I continue to track our power costs and consumption and then calculate the effective price of power being charged. While these are unique to our experience it is nevertheless a simple method of understanding how all the changes are impacting us.

Chart 1 shows that we have continued to reduce our annual power consumption and cost for electricity through 2020 (as previously noted in prior blogs I use a September through August annual cycle). So from September 19th 2019 through August 20th 2020 as billed by my utility Alectra Utilities, our annual consumption declined by 909 kWh or 9.5% while our cost dropped by $63 or 4.8%.

Our annual consumption of power peaked in 2011 at 21,263 kWh and cost of power a year later at $2,597. Since 2003 we have decreased consumption by 12,280 kWh or 58.7% (3.5% pa). Our cost has also declined by $628 or 33.3% (2.0% pa). 

Chart 2: Effect Cost of Power 2003 - 2020

Chart 2 is a calculation of what our effective cost of power is by dividing our annual cost by the power consumed. Our effective price peaked in 2016 and began to fall as the Liberals started to enact measures to lower the price. The Conservatives took over and really own the results from 2018 onward.

Our effective rate increased by 2.22% in 2019 and a significant 5.07% in 2020 despite the emergency relief rates enacted by the government.
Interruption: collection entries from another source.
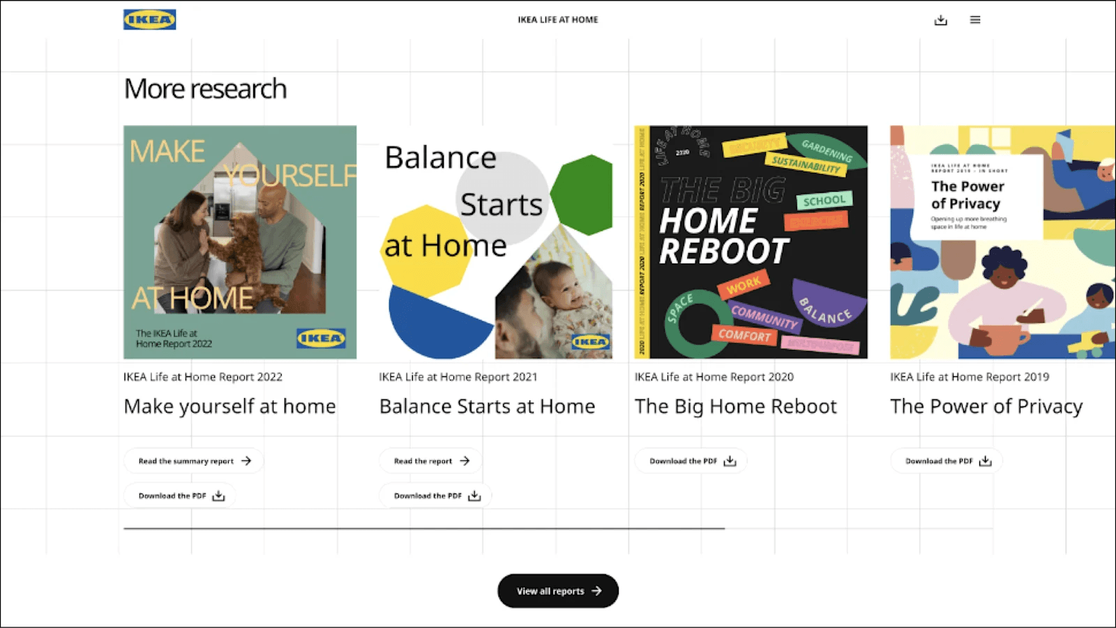 What’s super cool about IKEA’s microsite is that it’s quite literally the report. Time and time again, users must submit information to receive a report of this stature in return. In this case, IKEA provides the report as ungated content.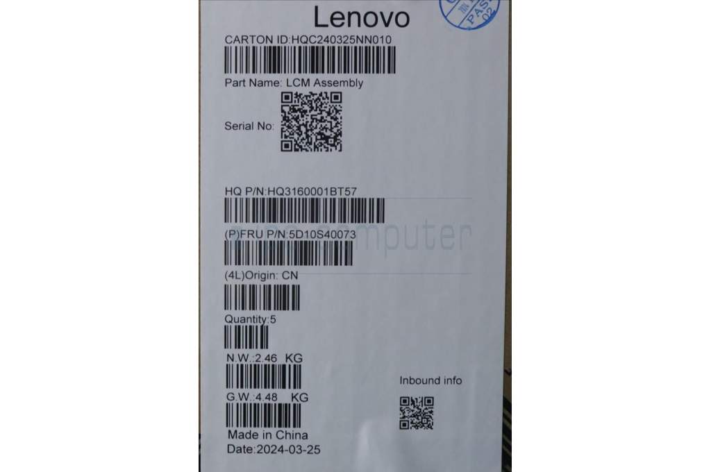 Lenovo 5D10S40073 Lenovo LCD Module,14",HD,Touch,Glare,IPS,300nit,45% NTSC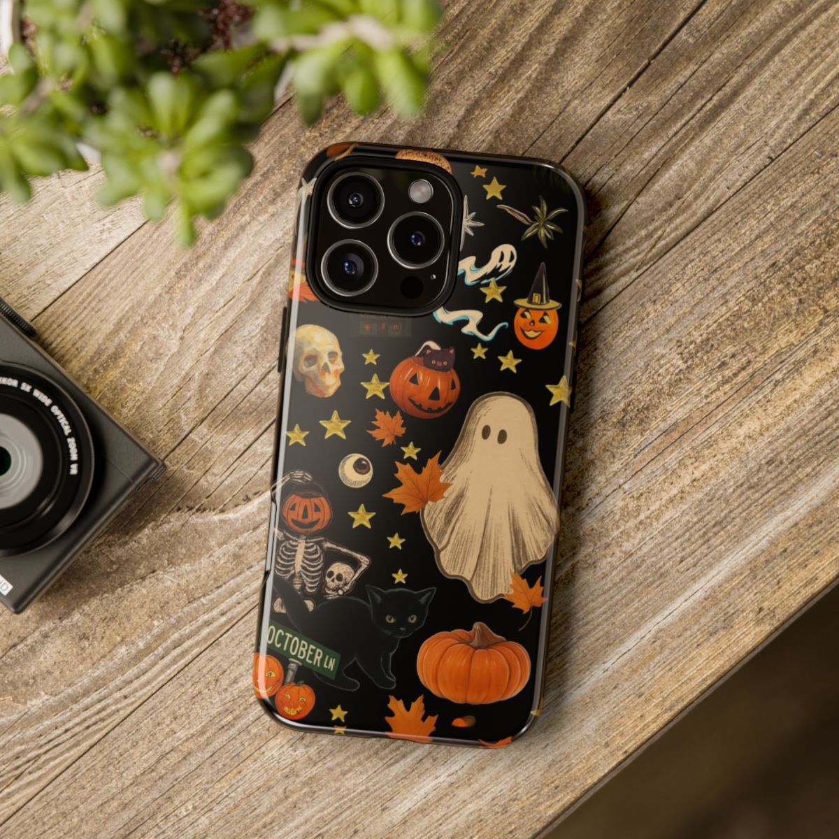 Vintage Halloween Phone Case, Ghosts, Pumpkins, Skeleton Collage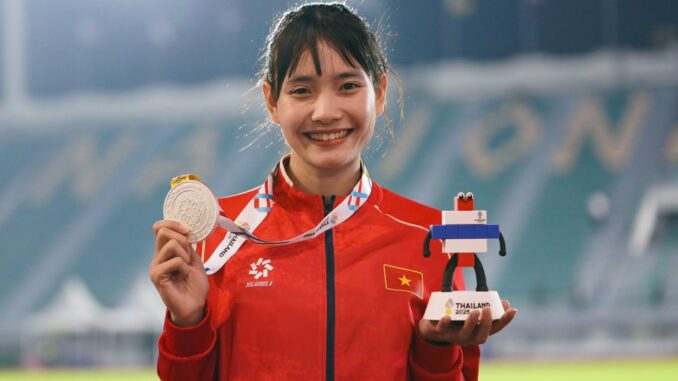 At SEA Games 33, Khanh Linh competed in only one event, the women’s 1,500 m. She claimed the silver medal with a time of 4 minutes 29.76 seconds, finishing behind her compatriot Bui Thi Ngan, who won gold in 4 minutes 27.34 seconds on December 11. Despite finishing second, Thai media noted that Khanh Linh still “won the hearts of Thai fans” thanks to her performance and on-track image.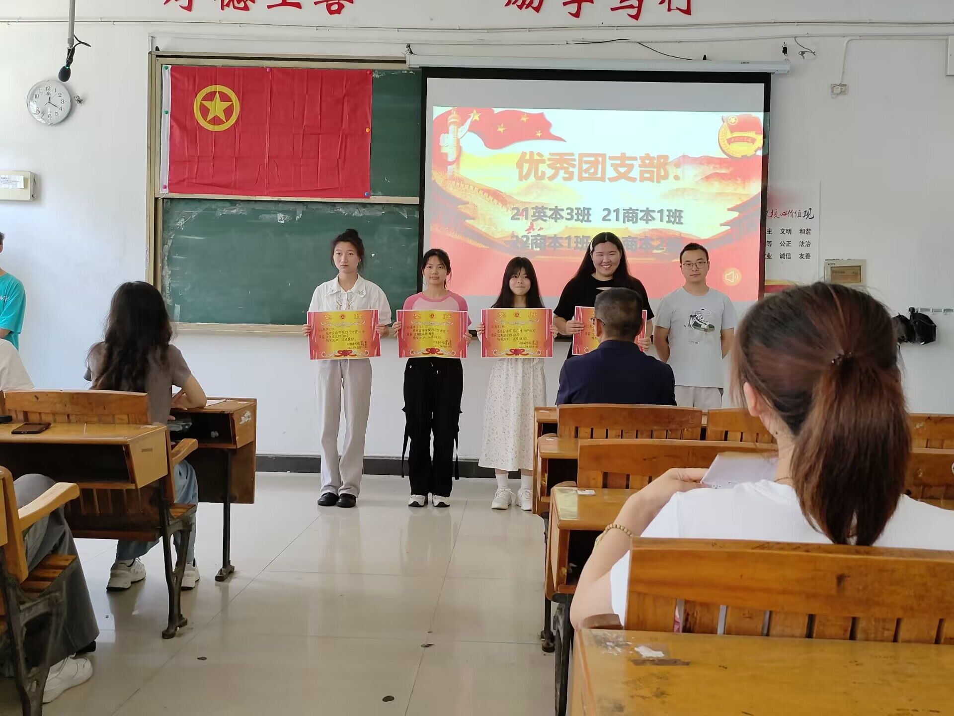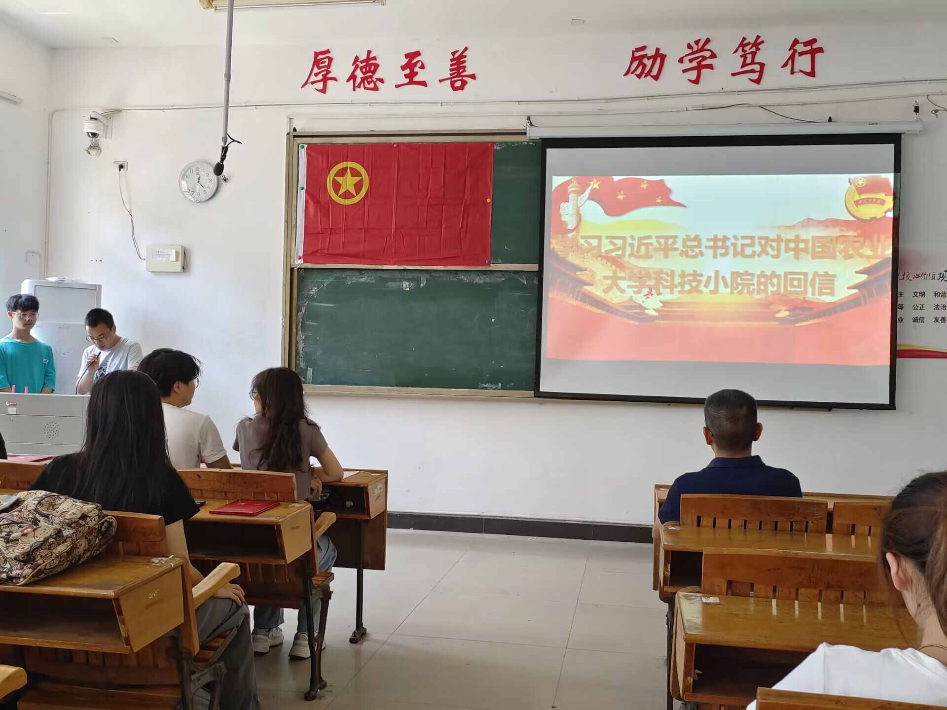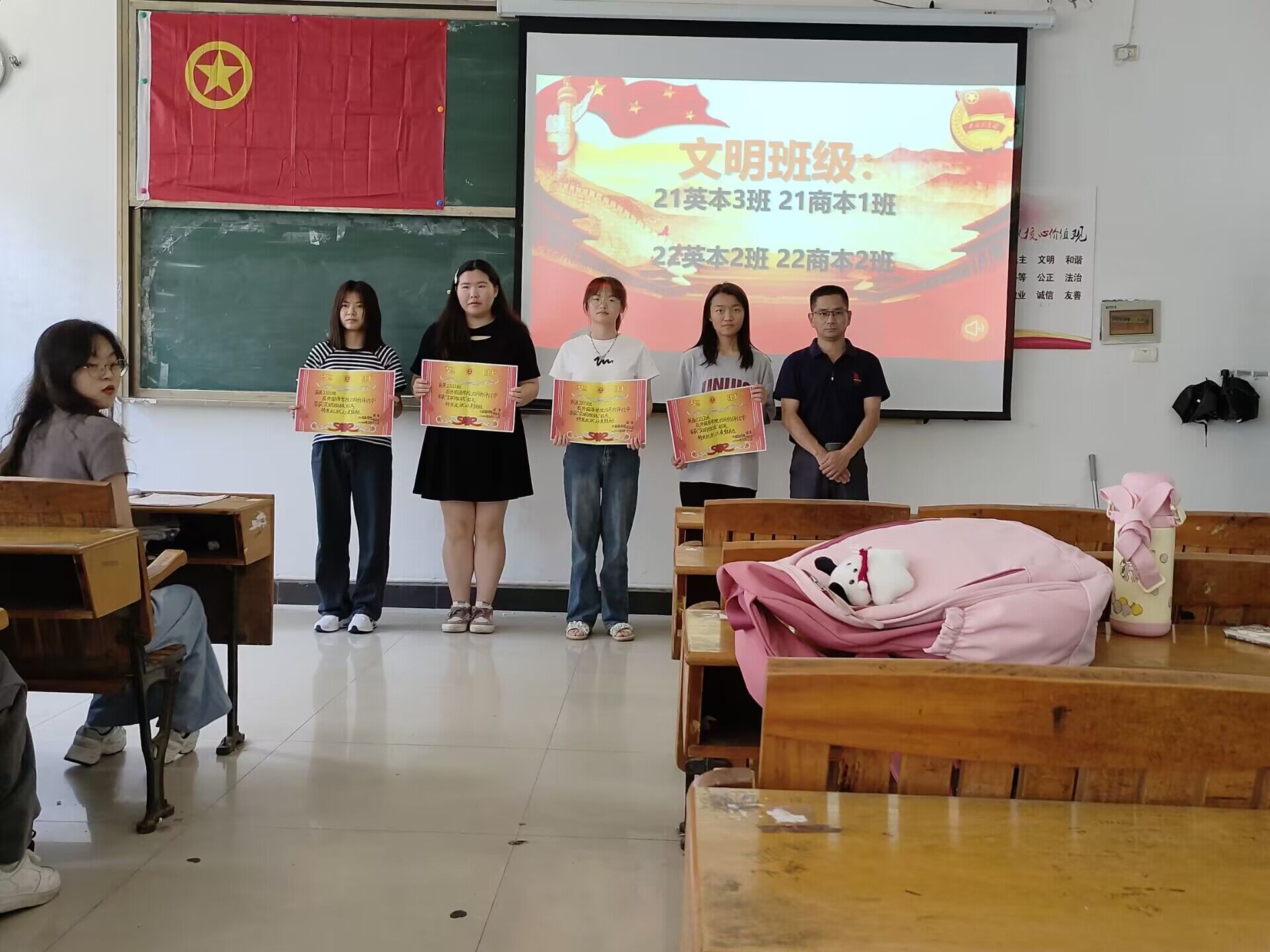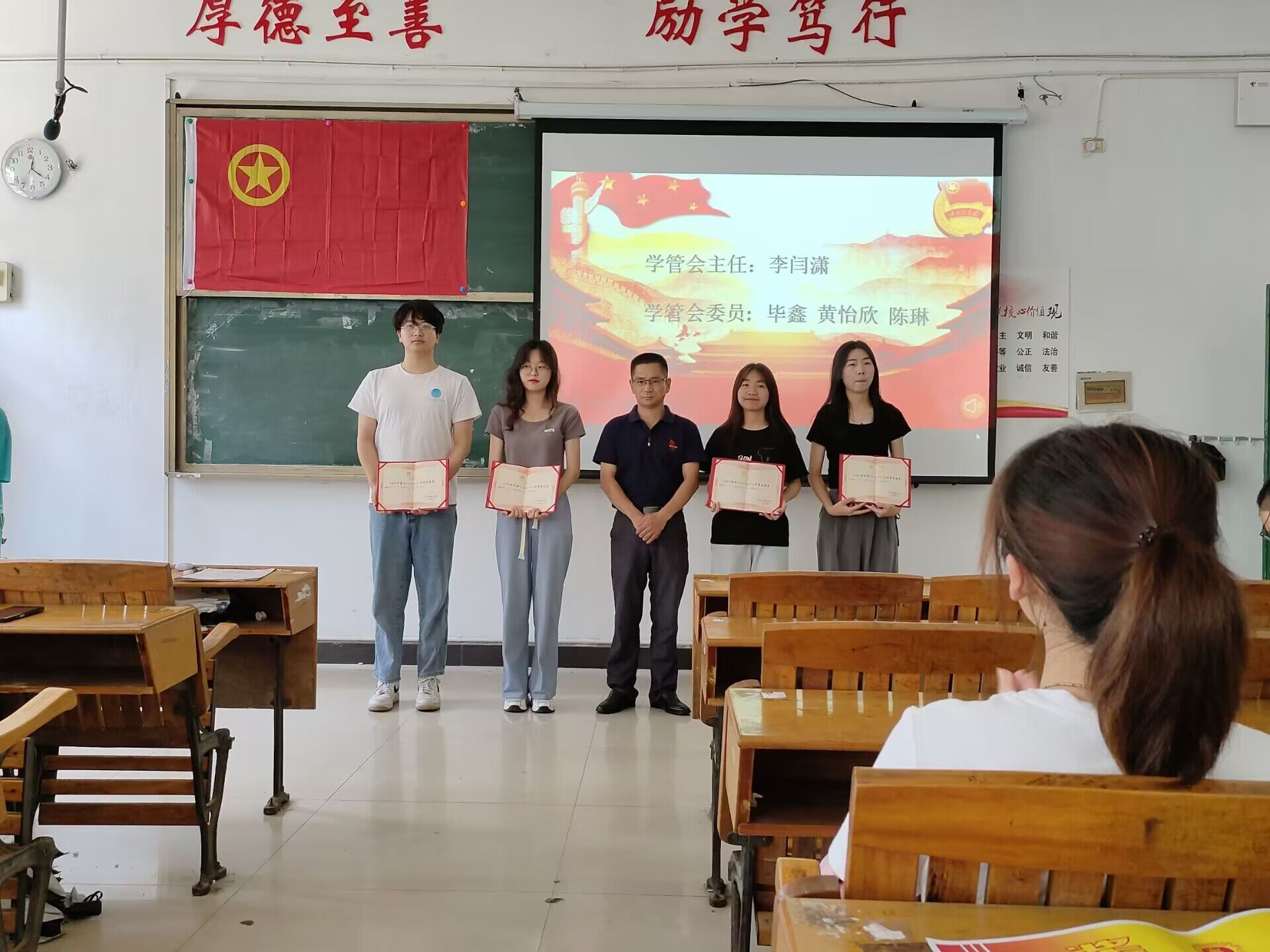 大会初始,由工作人员进行考勤,确保学干们准时到达会场。紧接着,进入颁奖环节,主持人宣布文明班级、优秀团支部、学管会换届获奖情况,并分别由刘书记、冷全宝老师为他们颁发奖状并合影留念。接着,由冷全宝老师带领大家学习习近平总书记对中国农业大学科技小院的回信。在致辞中,他强调我们要努力学习本领,增强自身能力,为中国的建设奉献一份力。随后,由刘书记上台致辞。首先他肯定了学干们在上个月的工作。同时也强调员工干部无论是在学习中或生活中,都应该有所作为、敢于担当、充分发挥先锋带头作用。他还强调大家要谨防电信诈骗,要时刻注意自己的心理问题,及时找老师、同学沟通,争取一起把外院的工作做到最好。同学们也表示将谨记书记教诲,在日常生活中树立良好的学习榜样。最后,在大家的一阵阵热烈掌声中,大会到此圆满结束。

If not for our continued diligence in conservation our costs of power would have surely increased.

Chart 3 Effective Power Cost by Billing Cycle

Chart 3 provides a little more insight as to how our effective rate jumped around in the last year. The November 1st 2019 new TOU prices caused a significant increase until the first emergency rate came into effect in March. The second spike occurred during the summer after the the 12.8 cent/kWh fixed price was enacted and we had an exceptionally hot summer with greater consumption.

After more than two full years of governing by the Conservatives, there has been no reduction in power rates and in fact power prices continue to rise faster than inflation.

Once again the graph shows that under the Ford government our power prices continue to rise faster than inflation and only due to a concerted effort to lower consumption have we managed to keep our cost of power lower each year.

As a footnote our September effective price has jumped again to 14.7 cent/kWh and October to 16.3 as a result of lower consumption.

This is the perverse nature of the system - the less you consume the higher your effective rate.

 I am in the process of evaluating the choices consumers face on November 1st. I have already declared our intent to change to tiered rates for the winter at least as we consume less than 1,000 kWh per month and we don't use enough of our power at the off peak price to make up for the overall lower tier 1 rate.